Nutmeg has recently found a way around this and now offers investors the ability to buy fractions of funds — and as a result it lowered the minimum investment it required people to make from £1,000 down to £500. But for many millennial investors, however, this will still be too high an entry point.
“The main thing is that it allows us to manage portfolios at a much lower level,” said Nutmeg’s Mr Port. “In theory we could cut [our minimum investment] down to £1. It’s an ongoing discussion.”
Broker Winterflood is hot on Nutmeg’s heels, working with asset managers to allow investors to buy bits of ETFs. It says it will be able to do this from next month.
Asset managers including Vanguard, Fidelity, JPMorgan, HSBC and Liontrust have all been involved in a working group to push forward the idea of “fractional trading”.
“We’ve got to bring down minimum investment levels,” said Mr Stenning of BlackRock. “£50 a month is out of reach of a lot of people; it’s got to come down to £5 to £10 a month.”
It’s clear that if the minimum sum is lowered it will be more possible for those on lower incomes to access the stock markets.
But whether they will want to do so is a different problem. Those in the fund industry hope that by making it as easy to drop money into a fund as it is to buy something on Amazon, more people will see investing as part of their everyday lives.
Look after the pennies . . .
Financial adviser True Potential has been conducting a rolling poll of 2,000 UK adults every three months since 2013 to find out how much they are saving.
The company says that the answer has been that people have — on average — been saving about £100 per month, a figure that has stayed at the same level since polling began.
If this £100 per month was invested in a passive fund tracking the FTSE 100 each month, investors could expect to see their money almost double over 20 years, according to True Potential.
Using the returns generated by the stock market on a monthly basis between 1996 and 2016, and assuming that all of these returns were reinvested, TP calculates that an investor who had put away £100 a month since 1996 would have ended up with just over £41,000 — gross of fees — generated from their total investment of £24,000.
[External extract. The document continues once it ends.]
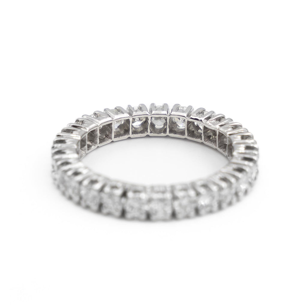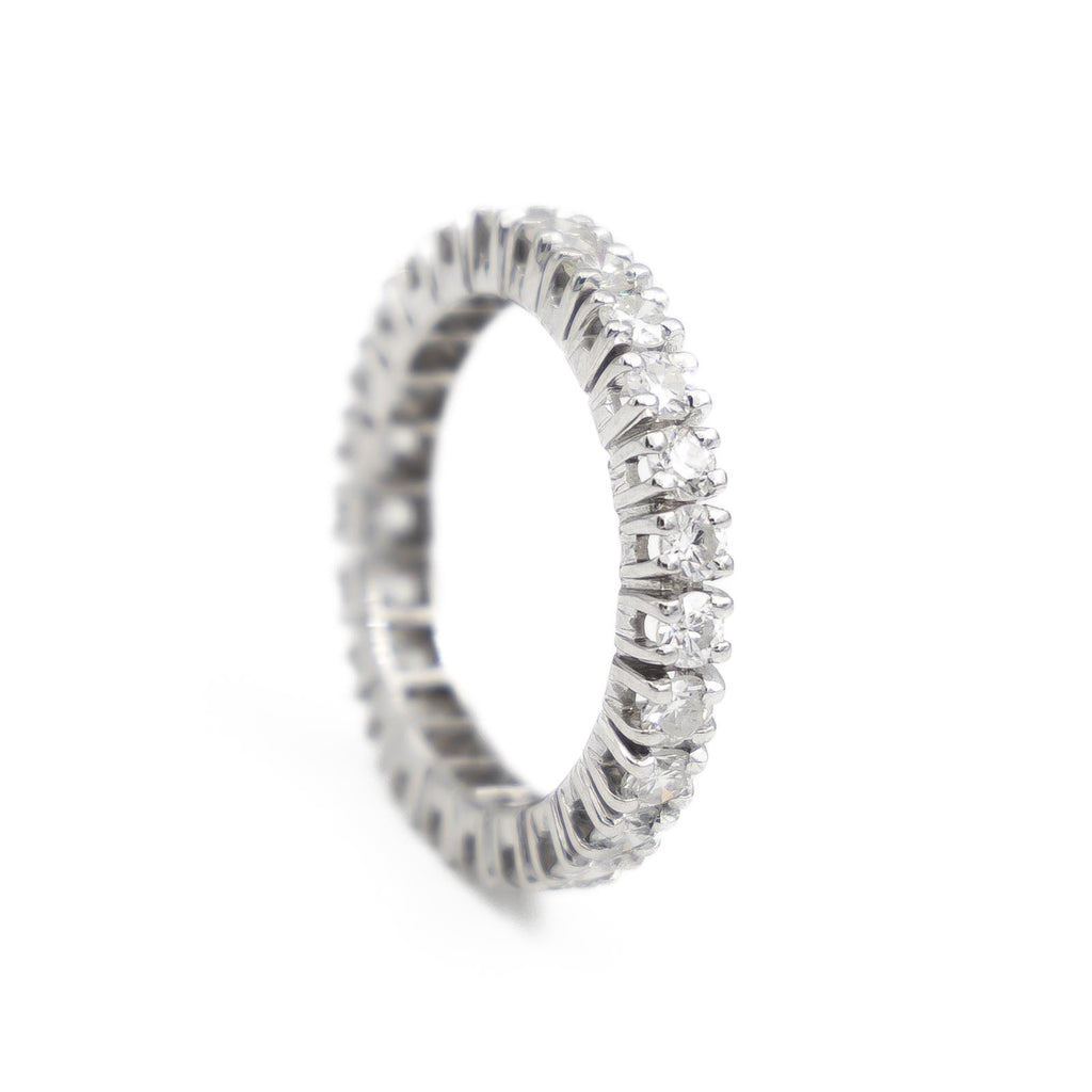 Alliance tour complet en or blanc 750 millièmes (18 carats), sertie de 25 diamants taille brillant environ G-VS, d'environ 0,06 ct chacun, poids total diamants: environ 1,5 cts, largeur sur le dessus: 0,34 cm, taille de doigt: 55,5, poids total: 4,41 g, poinçon tête d'aigle, excellent état

Even if younger investors think that the amounts they can afford to invest are smaller than £100 a month, don’t forget that the same rules of compounding will apply over time. How much they will compound by will obviously depend on market performance — not a lot you can do about that — and the level of fees you are being charged.
Clearly, some of the new micro-investing products will have higher charges (when measured as a percentage of the amount you are investing) than more conventional investments. Perhaps this is a premium worth paying when you’re getting started and only have small amounts to put in, but when you start to earn more, then switching to a more mainstream investment platform may be better value.